A Convenção para a Prevenção e a Repressão do Crime de Genocídio, promulgada em 1948, estabelece que o genocídio, quer cometido em tempo de paz, quer em tempo de guerra, é um crime de direito internacional que os Estados Partes se comprometem a prevenir e a punir, sendo a intenção de destruir, no todo ou em parte, um grupo nacional, étnico, racial ou religioso, um elemento essencial para a configuração do delito.

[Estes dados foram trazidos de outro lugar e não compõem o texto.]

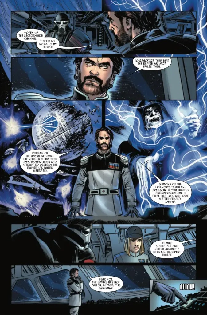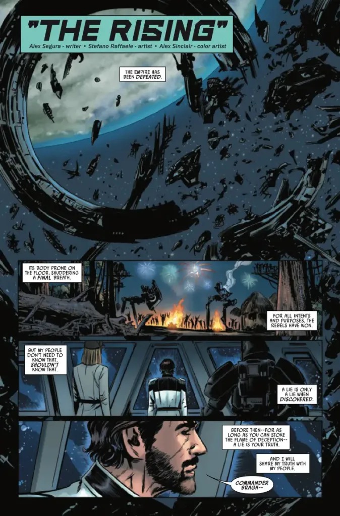 IN THE WAKE OF THE BATTLE OF ENDOR, CAN LUKE, LEIA AND THE NASCENT NEW REPUBLIC STAVE OFF AN UNEXPECTED — AND DEADLY — NEW THREAT? A DEFIANT IMPERIAL takes center stage — and goes on the offensive against the NEW REPUBLIC! LEIA makes a startling discovery in the forests of ENDOR! Who are the mysterious and deadly ACOLYTES OF THE BEYOND?! What is the new villain’s connection to DARTH VADER? All this as the post-Return of the Jedi storytelling BEGINS!

O Estatuto da Igualdade Racial (Lei nº 12.288/2010) visa garantir à população negra a efetivação da igualdade de direitos e oportunidades, combatendo o racismo e a discriminação, ao estabelecer, por exemplo, a obrigatoriedade de ações afirmativas em processos seletivos e a promoção da igualdade racial no acesso à educação e à cultura.
A inalienabilidade dos direitos humanos assegura que estes não são objetos de comércio, não podendo ser alienados ou transferidos, o que significa que direitos fundamentais como a dignidade da pessoa humana não podem ser vendidos ou negociados, embora a venda de um bem específico, como uma propriedade, seja permitida, pois o que não pode ser negociado é o direito em si.
A relatividade dos direitos humanos, ao afirmar que nenhum direito é absoluto, permite que estes estejam sujeitos a restrições e limitações, sendo necessária a ponderação entre direitos em casos concretos, como na colisão entre liberdade de expressão e direito à intimidade, exceto no que tange à tortura, cuja vedação é considerada absoluta e não passível de relativização por nenhuma norma interna ou internacional.